**The input:**
+---+
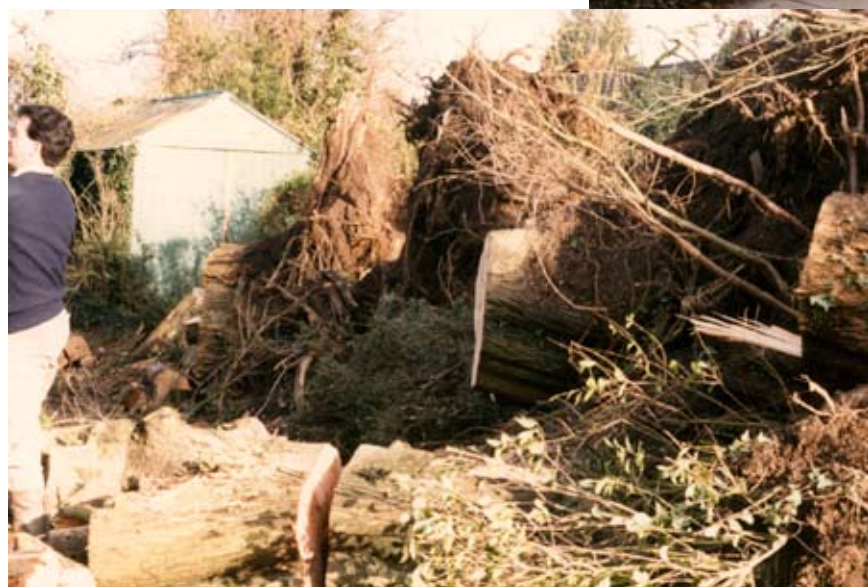
Four trees and the clearance at the Post Office - Christow - Rod Hancock - Postmaster

According to the Met Office the last storm of similar magnitude in England occurred in 1703.'
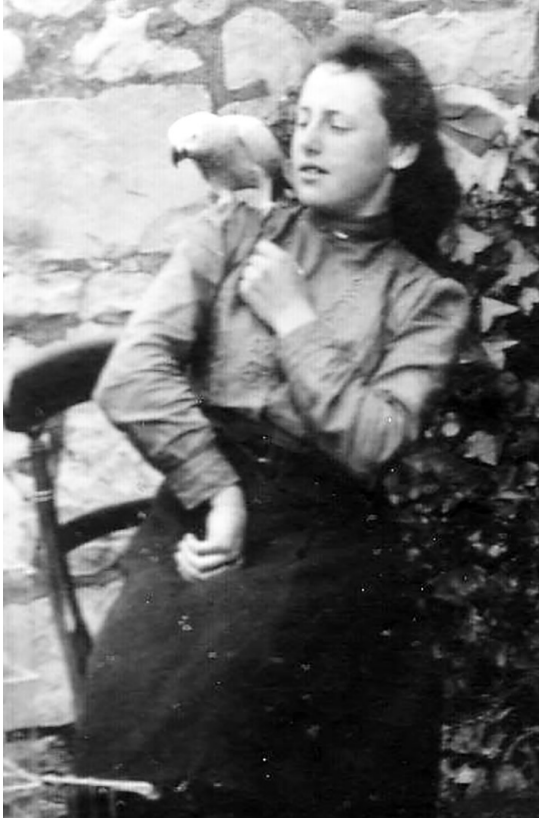
A girl with a parrot on her shoulder. This photo was taken in her garden in 1914.
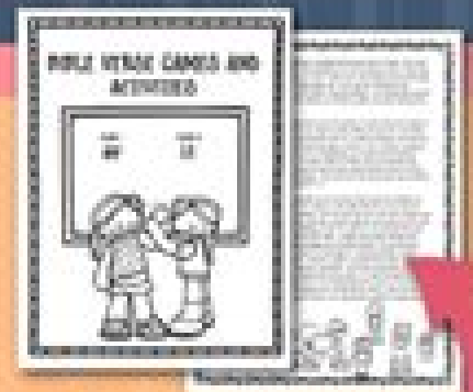
Bible Memory Activities
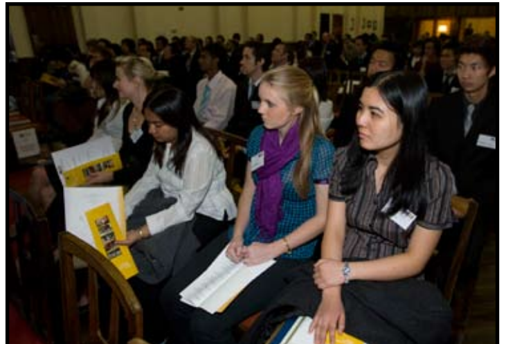
Prize & Scholarship Recipients at University House
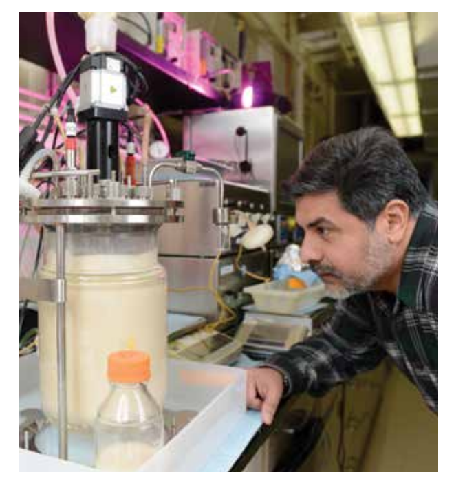
Sanos Nutrition's products are positioned to be cost-effective, when compared to all other single-cell proteins specifically grown for feed applications.

"Over the next 30 years, agricultural output must more than double to keep up with population growth. We believe that ingenuity and creativity will allow us to achieve more with fewer resources and make a better world for future generations."
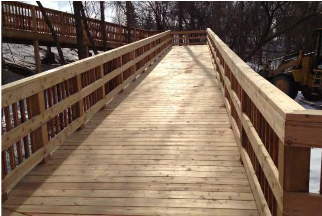
Bartley Smith Greenway
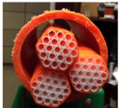
Microduct-the fiber lies in the small white, 'honeycomb' tubes.
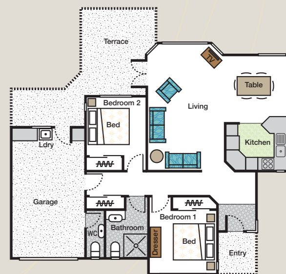
Typical 2 bedroom Villa
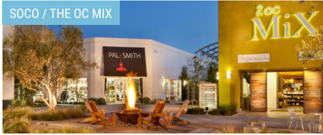
SOCO / THE OC MIX
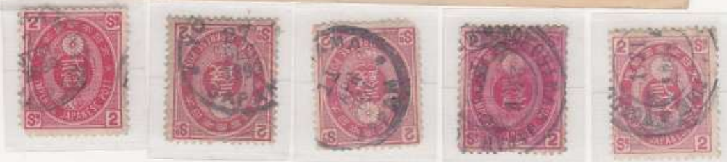
1889 thimble, 1890-91 and 1892-93 Meiji Cancels
+---+
**Prompt:** Set down only the lines from the one with "Typical 2 bedroom Villa" through the end of the entries, exactly as they appear, leaving out each picture.

**Task output:**
Typical 2 bedroom Villa
SOCO / THE OC MIX
1889 thimble, 1890-91 and 1892-93 Meiji Cancels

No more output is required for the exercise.